For options issued in 2001, the new accounting policy of the Company was to
expense the stock options once granted at the fair market value price. The
policy has been retroactively restated to coincide with SFAS No. 123. The change
of the stock option policy in 2001 has increased both the consulting fee expense
by $153,180 and the stock option liability by $153,180. In 2002, no options were
issued by the Company. Options issued in 2004 were issued at fair market value
and therefore the Company incurred no expense.
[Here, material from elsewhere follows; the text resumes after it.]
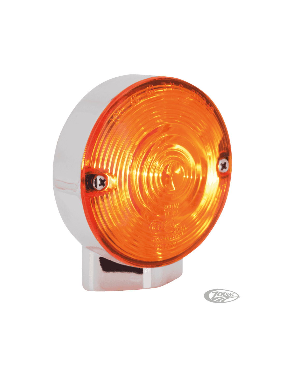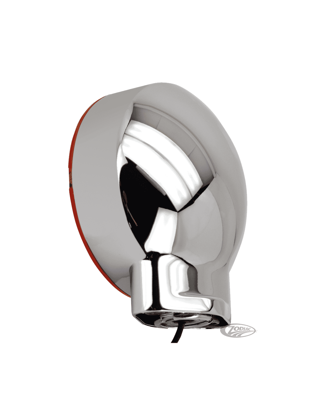 Zodiac (Genuine Zodiac Products)Questi fanali posteriori dall'aspetto classico approvati E, hanno l'illuminazione a LED per la luce posteriore, l'illuminzaione della targa e dello stop. Hanno l'alloggiamento in alluminio billet del diametro di 2 3/4" (7 cm). L'alloggiamento ha dei fori tondi o allungati sui lati. Quando la luce è accesa, è visibile da questi fori. Il fanale è fornito precablato e completo di portatarga in acciaio. Disponibile nero con tagli lucidati, cromato o ottonato.

The options included in stock option liability were issued as follows:

         2001                              $153,180
         2003                               693,600
                                           --------
                                           $846,780

TRANSFER AGENT

         AEC's transfer agent is Computershare Trust Company, Inc., 350 Indiana
Street, Suite 800, Golden, Colorado 80401. The telephone Number for
Computershare Trust Company is (303) 262-0600.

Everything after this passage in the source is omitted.